Il messaggio di Putin all'Ovest e tutti i passi verso l'escalation

L'attacco dice che Mosca non sta scherzando. Europa e Usa si chiedano se sono pronte a intervenire sul campo

Il messaggio di Putin all'Ovest e tutti i passi verso l'escalation

Trenta missili per metterci alla prova. Trentacinque missili per farci capire che non si scherza più. Un raid e due avvertimenti che la Nato e l'Europa non possono ignorare. A soli 25 chilometri del centro di addestramento di Leopoli disintegrato dalle testate russe corre infatti il confine con la Polonia. E lungo quel confine passa il Rubicone disegnato dall'articolo 5 della Nato. Quell'articolo non è soltanto un simbolico flatus vocis, ma bensì lo spartiacque decisivo capace di trasformare un attacco a Varsavia in una guerra di tutta l'Alleanza contro la Russia.
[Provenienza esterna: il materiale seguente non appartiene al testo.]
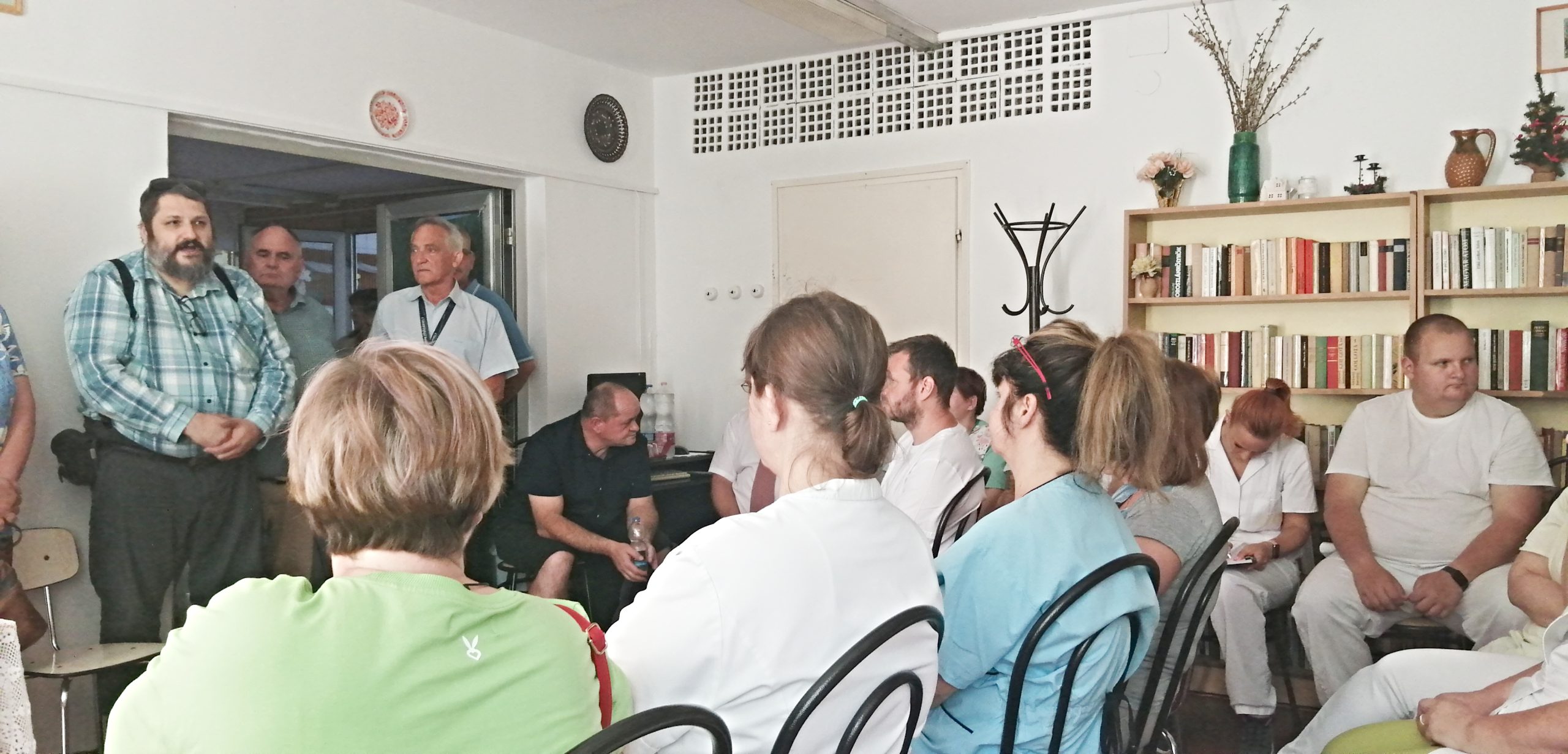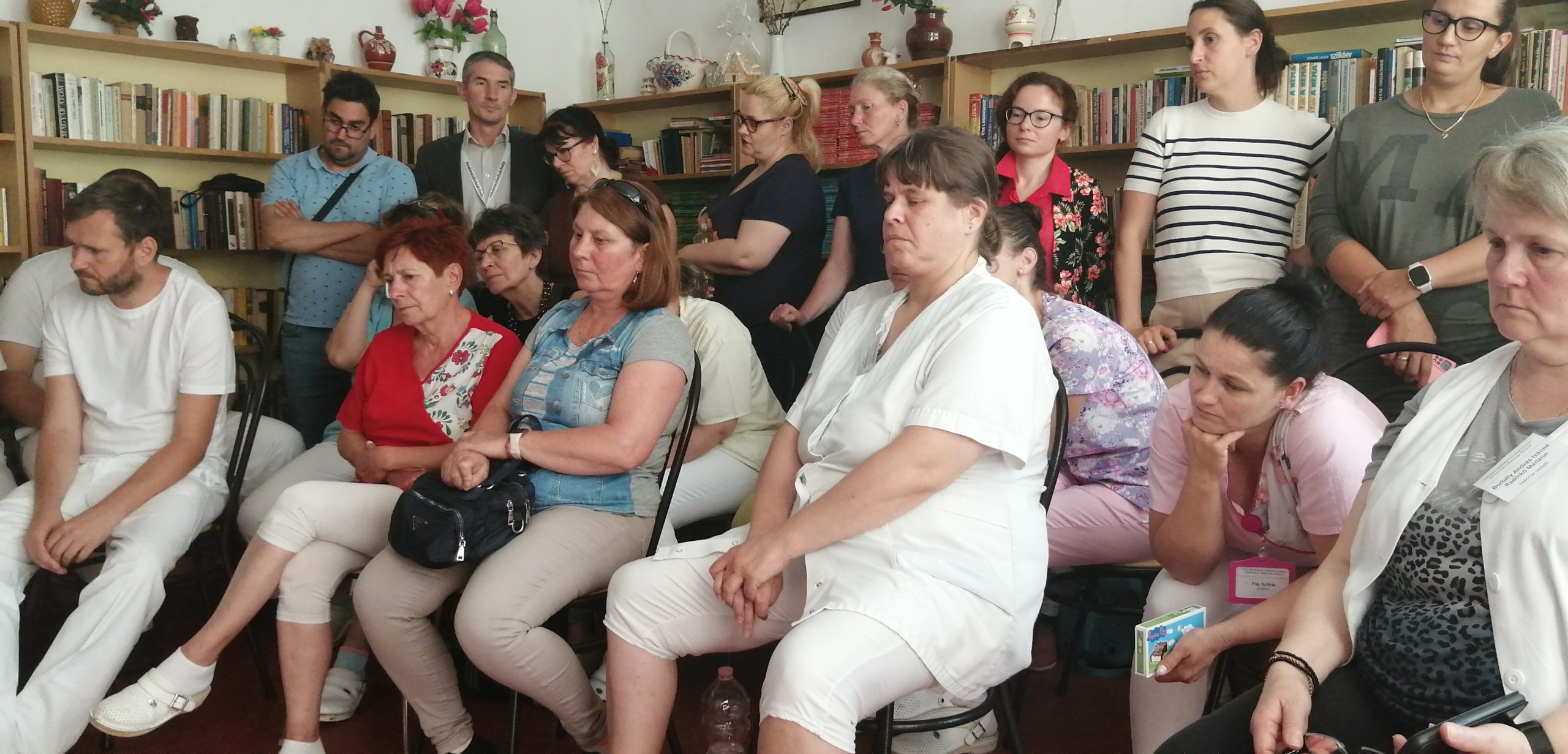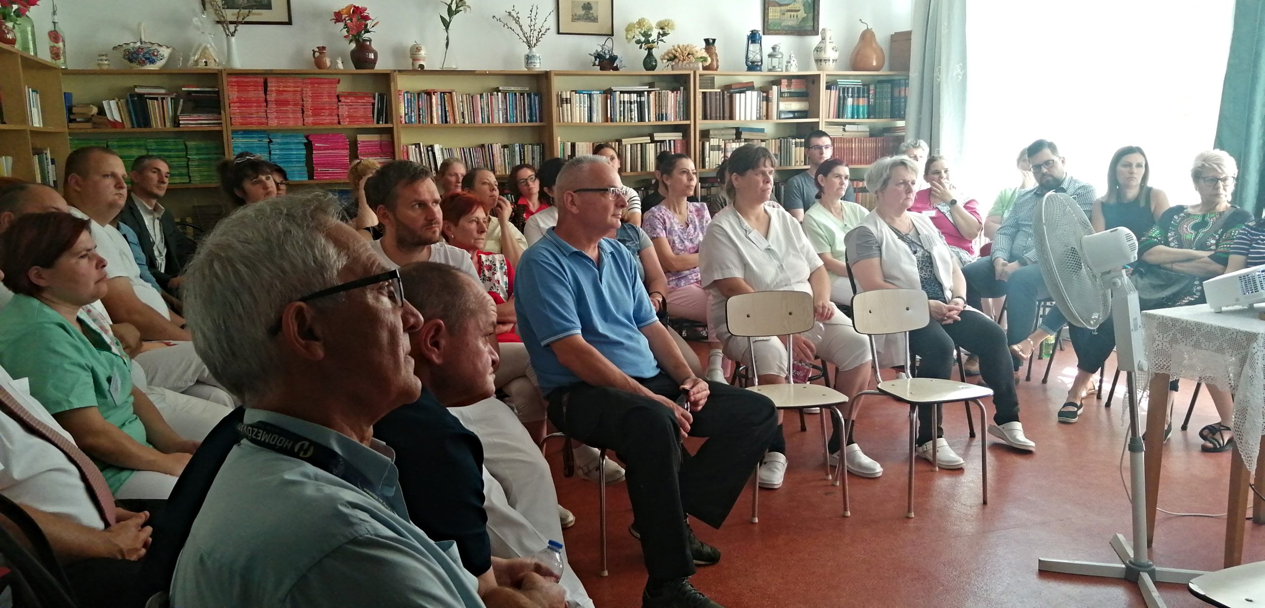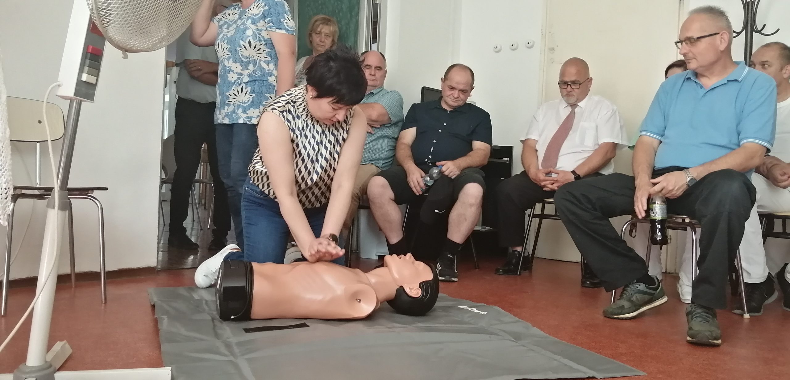 A pályázatnak – amelyet a budapesti Szent Ferenc Kórház indított – része egy továbbképzés is, amelyet a békéscsabai kórházból ideérkező három szakember tartott a Kovács-Küry Időskorúak Otthona ápoló személyzetének, valamint a hivatal és az önkormányzati cégek önként jelentkező alkalmazottainak. Ennek keretében csütörtök délelőtt alapszintű újraélesztést oktattak a résztvevőknek.

Un «Rubicone» rammentato drammaticamente dal portavoce del Pentagono John Kirby pronto, ieri, a ricordare agli alleati che «un attacco armato contro uno è un attacco contro tutti». Proprio per questo la durissima minaccia di Mosca va presa con estrema serietà e consapevolezza. I giochi, insomma, sono finiti. Le capitali europee, d'intesa con Londra e Washington, non possono più chiedersi soltanto se sono disposte ad aiutare l'Ucraina. Devono, a questo punto, domandarsi se sono pronte ad accettare che i propri soldati e i propri cittadini muoiano per fermare Mosca. E devono farlo senza fraintendimenti. Anche perché Mosca stavolta ha prima avvertito, poi colpito e infine rilanciato la minaccia. Per capirlo basta riavvolgere il film dell'attacco al centro di Yavoriv. A partire dai luoghi, ovvero da uno scenario decisamente cruciale.
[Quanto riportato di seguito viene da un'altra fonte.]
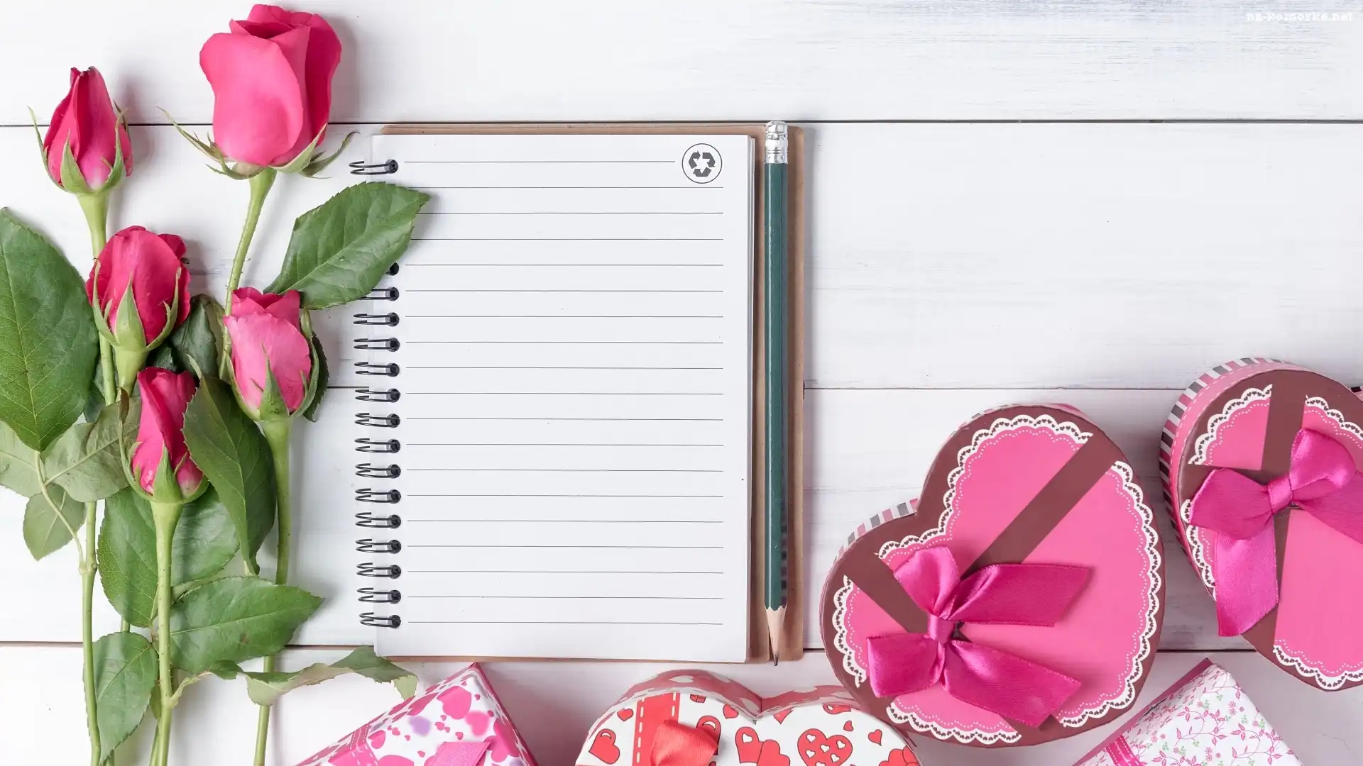 Pudełka, Notes, Róże, Deski, Ołówek, Serca na Komórkę
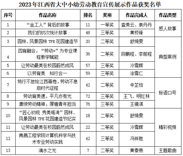 近日,江西省教育厅公布了2023年全省大中小幼劳动教育宣传展示作品获奖结果,我校在劳动教育典型案例、标语口号、感人故事、精彩视频、主题歌曲等项目评选中共有13项作品获奖,其中一等奖1项、二等奖6项,三等奖6项。
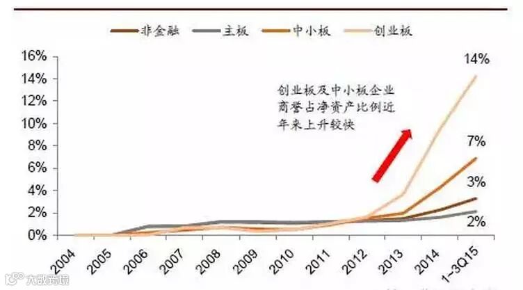 正常来讲,理性的公司不会以远超公允价值的价格购买资产,即使有也是个案,不会是普遍现象。然而由于估值畸高,A股成为了高价收购的温床。据彭博统计,仅2015 年A 股市场并购重组交易便涉及金额1.4 万亿,创下历史新高,比2014 年的0.83 万亿大幅上升了77%。并购市场的活跃以及资本市场的繁荣使得被收购公司同样估值高企,不少被并购资产的估值明显超过其账面价值,导致A 股市场上商誉占净资产的比例加速上升。截止2015 年三季度,非金融企业中商誉占净资产的比例已经达到3%(前几年该值一直在1%附近)。中小板及创业板非金融企业商誉占净资产比例分别达到7%及14%,远远超过主板非金融企业(2%左右):
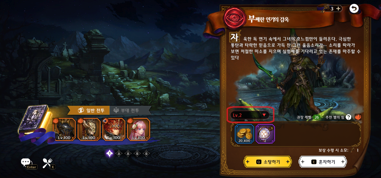 - [봉인 감옥] 별로 추천 속성이 존재하고, [일반 전투]와 [부대 전투]를 선택하여 전투를 진행하실 수 있습니다.
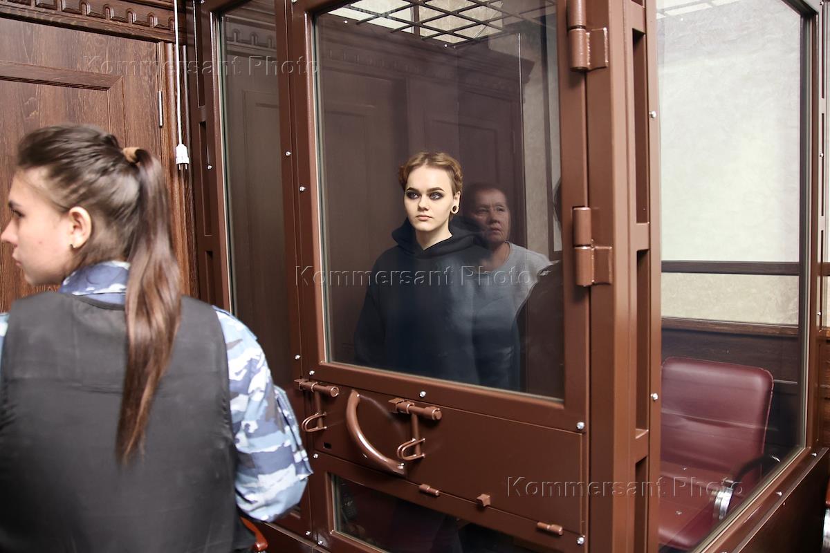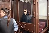 Обвиняемая в подготовке террористического акта в Мариуполе в день завершения референдума о присоединении Донецкой Народной Республики (ДНР) к России Ирина Навальная (справа) во время заседания Южного окружного военного суда.

Leopoli è il capoluogo di quei territori occidentali dell'Ucraina che, per ragioni storiche e politiche, restano al di fuori dalle mire del Cremlino. Quindi, in teoria, non dovrebbe venir colpita. A far la differenza contribuiscono due elementi. Il primo è la contiguità con quella frontiera polacca da cui passano le armi promesse dai paesi della Nato (Italia compresa) all'Ucraina. Nei sospetti di Mosca quella contiguità fa di Leopoli non solo il punto d'arrivo, ma anche il centro di smistamento dei carichi di armi e munizioni. Carichi che dribblano i pattugliamenti russi e raggiungono le zone del fronte grazie alle informazioni satellitari garantite dall'intelligence occidentale. Non a caso solo 12 ore prima del micidiale raid missilistico, il Cremlino mette in guardia Washington ed i suoi alleati. «Avvisiamo gli Stati Uniti - ammonisce il viceministro degli Esteri russo, Sergei Ryabkov - inviare armi dai vari paesi pronti a stare al gioco non è soltanto una mossa pericolosa, ma un'azione che trasforma quei convogli in obbiettivi legittimi». Come dire siamo pronti a colpire chiunque partecipi a quelle spedizioni.
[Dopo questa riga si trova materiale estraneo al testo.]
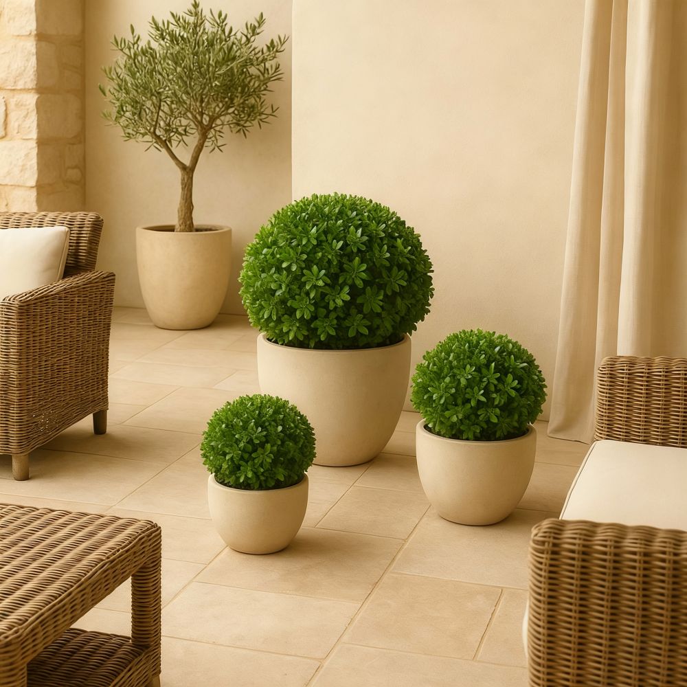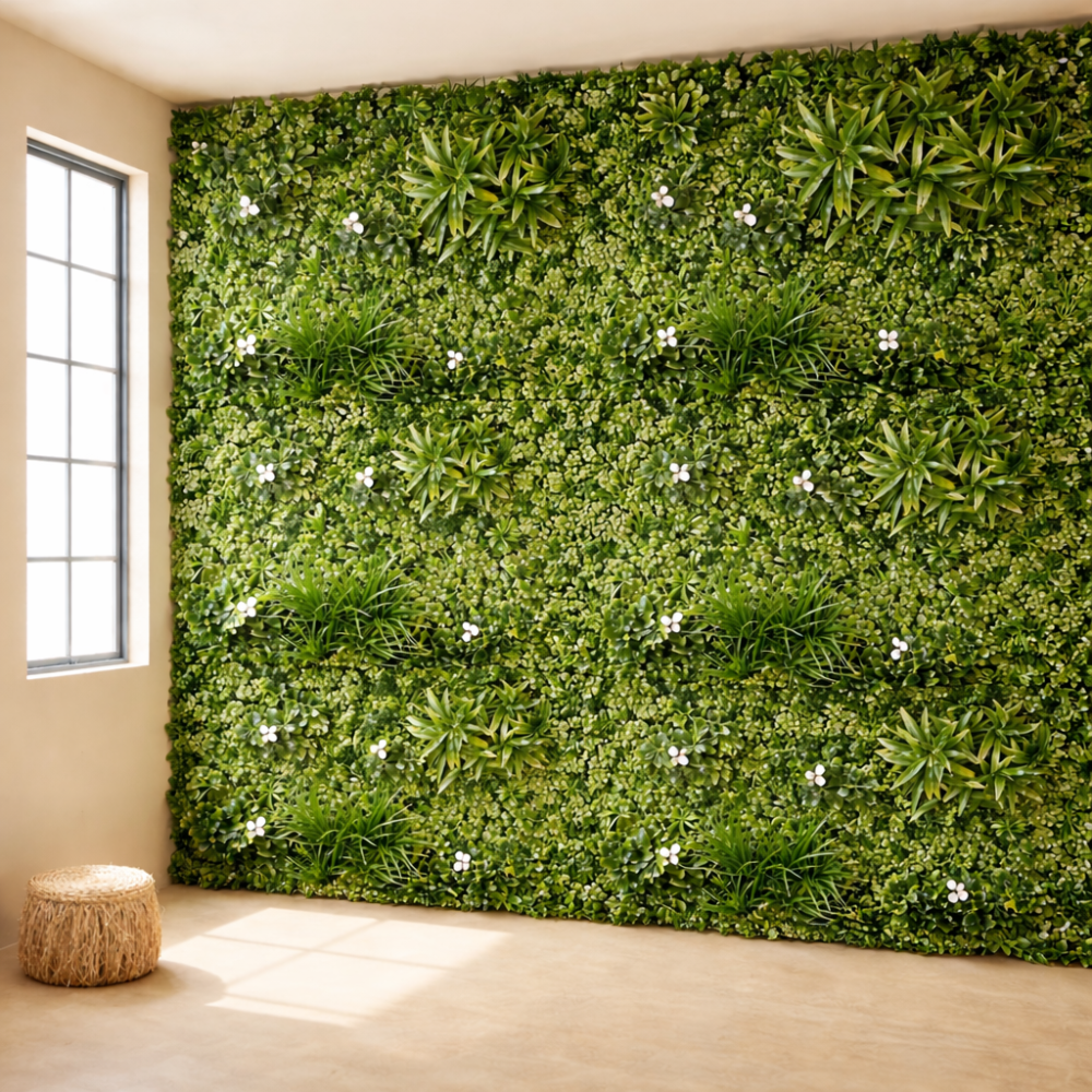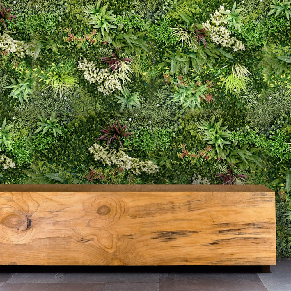 Nuestros productos cumplen altos estándares de calidad con materias primas de fuerte estabilidad UV para asegurarnos de su aspecto verde y fresco se mantendrá durante años, permitiendo decorar diferentes rincones sin preocuparte de las condiciones medioambientales y sin ningún mantenimiento.
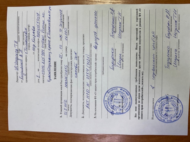 ../ Акт неремонтопригодности.jpeg 08-Oct-2025 13:04 153K Дополнительное_фото_1.jpg 08-Oct-2025 13:04 218K Дополнительное_фото_2.jpg 08-Oct-2025 13:04 218K Заявление о расчете с конечником.jpeg 08-Oct-2025 13:04 150K Товар целиком.jpg 08-Oct-2025 13:04 218K Упаковка.jpg 08-Oct-2025 13:04 218K Чек.jpeg 08-Oct-2025 13:04 172K

E qui arriviamo al secondo elemento critico dello scenario ovvero il centro di addestramento di Yavoriv colpito dai missili russi. Nella base - conosciuta con il nome un po' paradossale di «Centro internazionale per la sicurezza e il mantenimento della Pace» - lavoravano, fino allo scorso febbraio, gli istruttori della Guardia Nazionale statunitense, dell'esercito britannico e di altre forze della Nato impegnate a formare le unità dell'esercito ucraino. Dopo il rientro degli addestratori Nato l'infrastruttura è diventata - come dimostra la presenza di numerosi europei e stranieri tra le vittime del raid - il punto di ritrovo dei circa 20mila «volontari provenienti da 52 paesi diversi» pronti, secondo il ministro degli esteri ucraino Dmytro Kuleba, a combattere per Kiev. Ma questo flusso di «volontari» - legittimati dal via libera concesso da due donne ai vertici della politica europea come la segretaria agli esteri di Sua Maestà Liz Truss e la premier danese Mette Frederiksen - insospettisce non poco il Cremlino. Agli occhi di Mosca tra quei «volontari» si nascondono militari delle forze speciali mandati a garantire il coordinamento dei convogli o a continuare, sotto mentite spoglie, l'addestramento delle forze di Kiev.

«Abbiamo ucciso mercenari stranieri, distrutto armi straniere e continueremo a eliminare i mercenari stranieri

arrivati in Ucraina»,- ripeteva ieri il ministero della Difesa di Mosca. Insomma a giudicare non solo dalle parole, ma anche dai fatti le rappresaglie non si fermeranno qui. Per questo da ieri il Rubicone è sempre più stretto.